[Dataset section Boundary: Start]

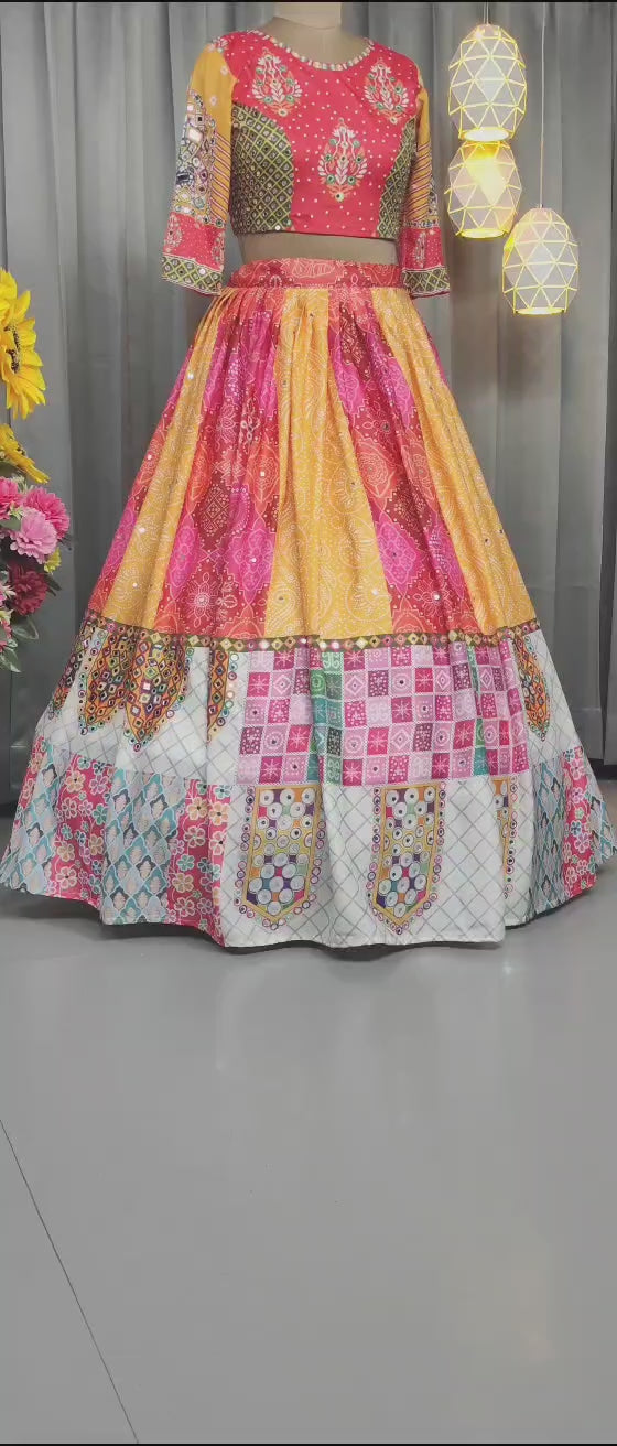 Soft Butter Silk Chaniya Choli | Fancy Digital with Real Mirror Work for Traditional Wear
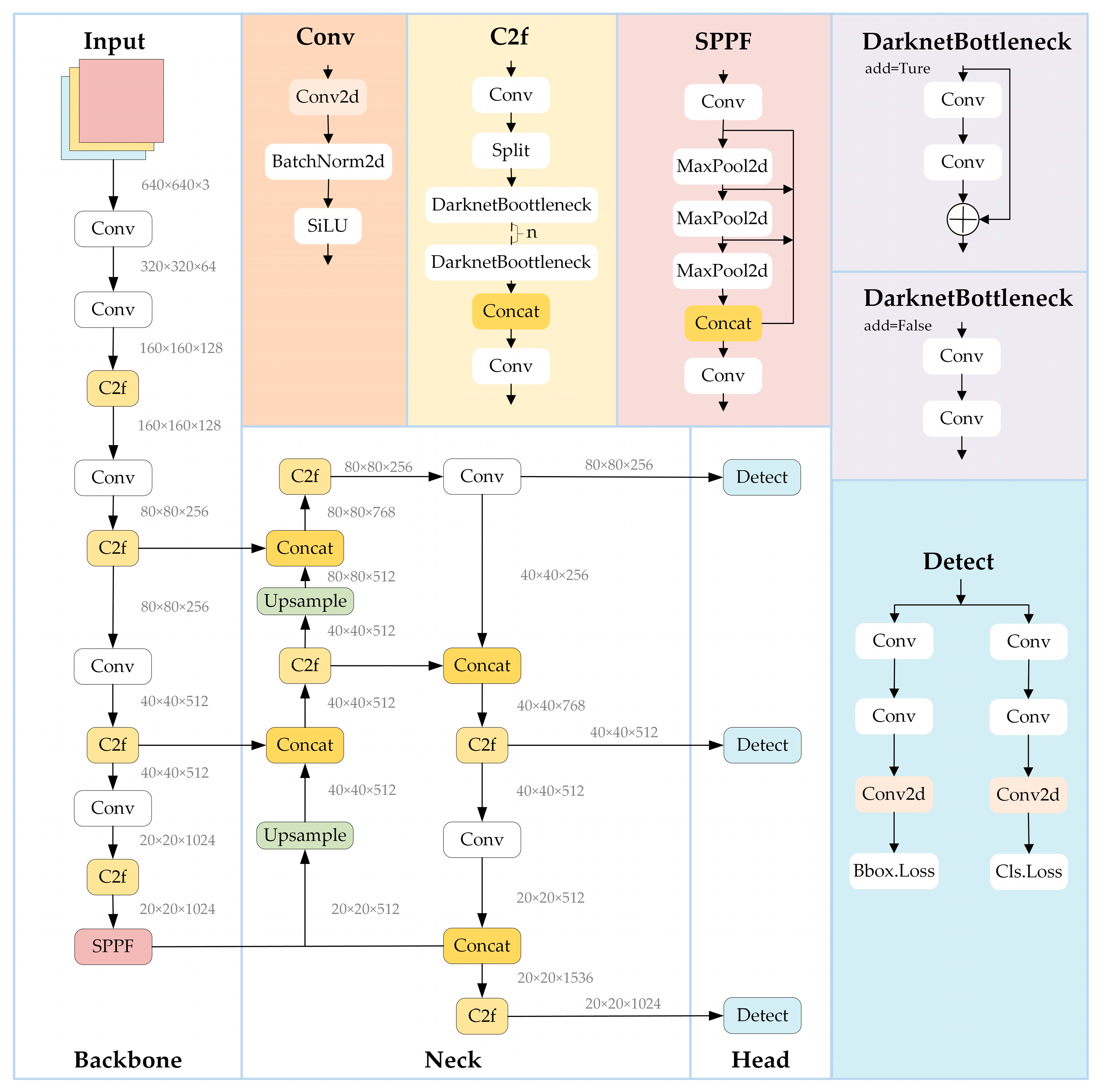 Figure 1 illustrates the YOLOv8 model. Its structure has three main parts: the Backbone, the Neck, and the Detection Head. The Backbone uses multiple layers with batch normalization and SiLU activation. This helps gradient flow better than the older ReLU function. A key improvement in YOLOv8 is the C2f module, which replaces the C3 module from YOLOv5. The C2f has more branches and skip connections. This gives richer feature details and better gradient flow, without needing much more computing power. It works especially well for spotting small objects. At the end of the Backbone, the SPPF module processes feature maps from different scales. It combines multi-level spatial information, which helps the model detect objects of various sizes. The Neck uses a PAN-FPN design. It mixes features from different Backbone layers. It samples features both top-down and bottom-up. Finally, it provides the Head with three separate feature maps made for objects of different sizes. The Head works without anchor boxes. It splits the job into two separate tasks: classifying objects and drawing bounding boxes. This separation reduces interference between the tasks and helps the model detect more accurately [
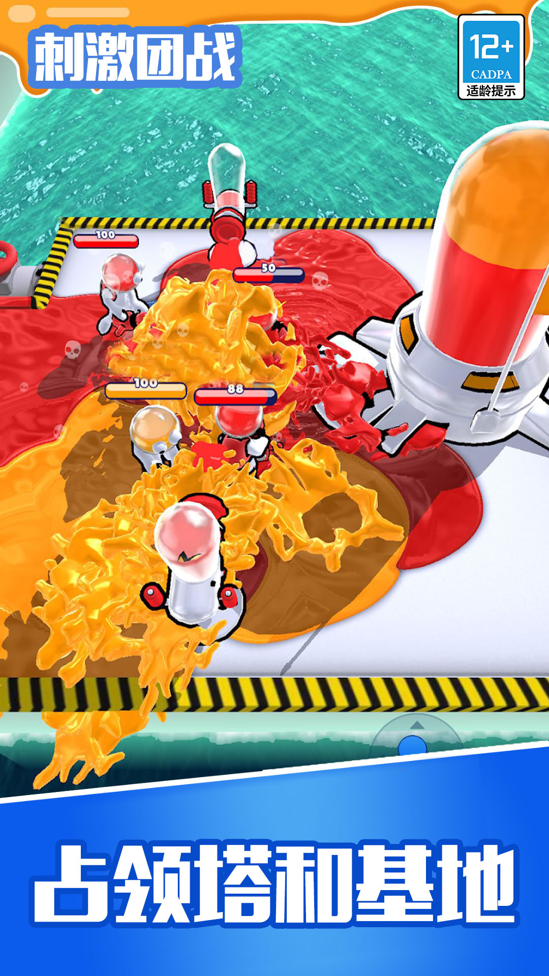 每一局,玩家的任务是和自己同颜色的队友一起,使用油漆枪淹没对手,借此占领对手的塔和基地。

[Dataset section Boundary: End]

▶ **Exercise**
Omit all images when repeating the data above exactly.

▶ **Task solution**
 Soft Butter Silk Chaniya Choli | Fancy Digital with Real Mirror Work for Traditional Wear
 Figure 1 illustrates the YOLOv8 model. Its structure has three main parts: the Backbone, the Neck, and the Detection Head. The Backbone uses multiple layers with batch normalization and SiLU activation. This helps gradient flow better than the older ReLU function. A key improvement in YOLOv8 is the C2f module, which replaces the C3 module from YOLOv5. The C2f has more branches and skip connections. This gives richer feature details and better gradient flow, without needing much more computing power. It works especially well for spotting small objects. At the end of the Backbone, the SPPF module processes feature maps from different scales. It combines multi-level spatial information, which helps the model detect objects of various sizes. The Neck uses a PAN-FPN design. It mixes features from different Backbone layers. It samples features both top-down and bottom-up. Finally, it provides the Head with three separate feature maps made for objects of different sizes. The Head works without anchor boxes. It splits the job into two separate tasks: classifying objects and drawing bounding boxes. This separation reduces interference between the tasks and helps the model detect more accurately [
 每一局,玩家的任务是和自己同颜色的队友一起,使用油漆枪淹没对手,借此占领对手的塔和基地。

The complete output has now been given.